Rollups process transactions off-chain and then submit the results of their works as proof of execution to the mainchain - increasing the transactions the system can handle.
Data Compression
Thanks to their ability to create proofs that are smaller than the witness, ZKPs are also used to compress data. Filecoin, for example, uses ZKPs to establish proof of storage of specific files by users without hindering scalability. Mina Protocol is also using ZKPs but to help reduce the size of its ledger by compressing all of its verification data into less than 22KB.

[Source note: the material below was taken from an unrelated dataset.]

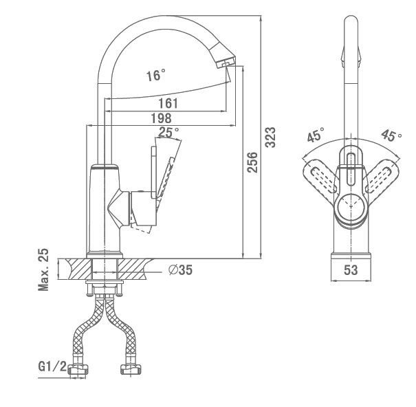 Смеситель D&K DA1352401 для раковины хром керамический картридж,система быстрого монтажа, аэратор, гибкая подводка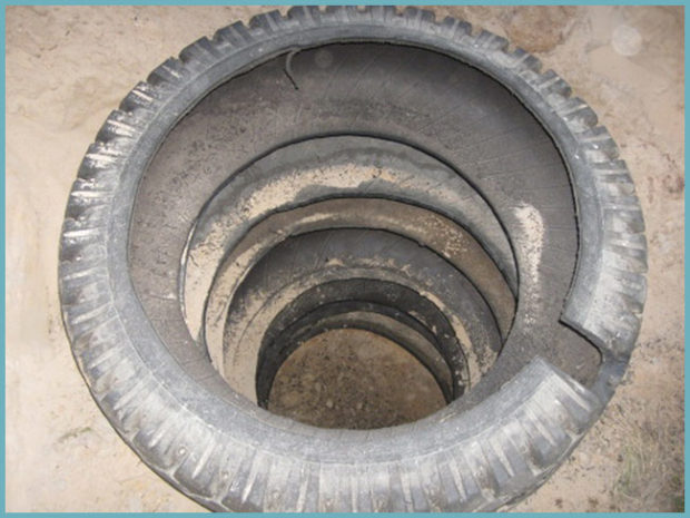 - Une autre option pour collecter les eaux usées est cloaque. Pour l'équiper, il faut creuser environ 2m3 de terrain. Il s'agit de la quantité optimale qui garantira une utilisation à long terme. Au fond de la fosse, un coussin de drainage est fait de sable et de gravier, et les murs doivent être renforcés et rendus imperméables.Vous pouvez les recouvrir de briques, utiliser des anneaux de béton prêts à l'emploi, ou vous pouvez renforcer la fosse avec de vieux pneus en caoutchouc. Lors de l'équipement d'un trou de vidange, n'oubliez pas qu'il doit être pompé. À cet égard, il doit être situé dans un endroit où un accès sans entrave d'équipement spécial sera fourni. De plus, la fosse doit avoir une distance du bâtiment résidentiel d'au moins 3-4 mètres, car la formation d'odeurs caractéristiques est possible.

Prevent front-running and minimize MEV
A major challenge with public blockchain networks is that they open up ample opportunities for savvy traders to front-run and squeeze more fees out of less savvy traders. Front-running on a blockchain can be achieved by simply paying the miner to have one's transaction included earlier than the one you’re front-running.
However, by hiding transaction details, ZKPs can prevent bots from looking up trades and front-running them. In a similar vein, ZKPs could help prevent MEV (maximal extractable value), often described as an invisible tax that miners can extract from unknowing users. One of the reasons it occurs is that miners have full visibility of the transactions waiting to be included in blocks (in the mempool). Using ZKPs, these could be submitted, proven, and verified without revealing details to the miners.
Downsides of ZKPs
While Zero-Knowledge Proofs are great for many things in blockchain and beyond, they come with a few drawbacks:
- Computation: ZKPs are more resource-intensive than using other proving systems, especially when it comes to complicated proofs. This can result in longer processing times, affecting scalability and user experience. Additionally, verification can get expensive, with zk-Rollups on Ethereum paying up to 500,000 gas to verify one single zk-SNARK and more for zk-STARKs.
- Trust assumptions: Depending on the algorithm used, they are not entirely trustless. In an ideal case, multiple honest participants will join a trusted setup ceremony, but there is no way for users to be sure.
- Complexity: ZKPs add another layer of complexity to often already complex decentralized systems. They make protocols harder to audit, which could increase the risk of critical vulnerabilities being found.
Every use case of ZKPs requires a careful evaluation of benefits and downsides. Nevertheless, ZKPs remain an exciting advancement in technology, and with further progress in hardware, some of the downsides might even disappear completely.